DeVaughn hopes to cultivate a more student focused culture at UP. His priorities at UP are inspired by his own role model, Professor Hazeltine, who prioritized engaging with students and getting to know them personally. For DeVaughn, this ranges from holding season tickets to the men and women’s soccer and basketball team to personally meeting with first-year business students. 

“I want to be shaking their hands four years from now in Chiles,”  DeVaughn said. “So, I have really been focusing on lots of student things, that means maybe meeting at odd times. I hang around a little bit at night to meet the students. I'm all about the students.”

DeVaughn is also focused on things including equity and inclusivity within the business school. It is important to DeVaughn to be a representative figure for Black and African American students as well as being accessible as a mentor.

DeVaughn holding volunteer coaching awards. DeVaughn has been very involved in his children's development.
by Marek Corsello / The Beacon

“I’ll be frank here,” DeVaughn said. “Sadly in this graduating class, there are 186 senior business majors — two of them identify as Black or African American. I think that number should be higher, we can be better. So it's important, I think, for students like that to see me in this position. I feel like I'm a supportive figure and that's part of the reason why I'm trying to be accessible to students. I want them to know that I've got their back.”

Outside of work, DeVaughn is still a supportive figure for his family. Besides being a sports fan himself, he has also been very involved with his own children’s development in sports.

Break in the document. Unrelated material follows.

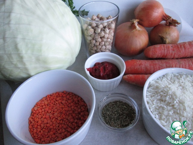 Ингредиенты для «Постные голубцы с овощами и нутом»:

He was a track coach for ten years at his community park system, an experience that earned him an outstanding volunteer award. 

“He comes from very humble beginnings,” his son, Nathan DeVaughn said. “He’s worked hard for what he has, he won’t tell you that. He makes the most of everything. Growing up from a more privileged stance, I felt like I had no excuse to be lazy or not work hard because I remembered his background and how he grew up.” 

DeVaughn, during his time at UP, hopes to embrace students, enable success for our stakeholders and engage students in Portland communities. His job, as he puts it, is to give students the necessary resources to solve problems students are interested in, prepare students for future jobs and to push students to think outside of the UP campus boundaries. 

“That's why I'm in this particular business, because, to me, that's what's important,” DeVaughn said. “Professor Hazeltine is my sort of academic hero and when I'm all done in this profession I'm striving to have students say that their experience was so informed by Mike DeVaughn that they might put me in a bottle cap as well.”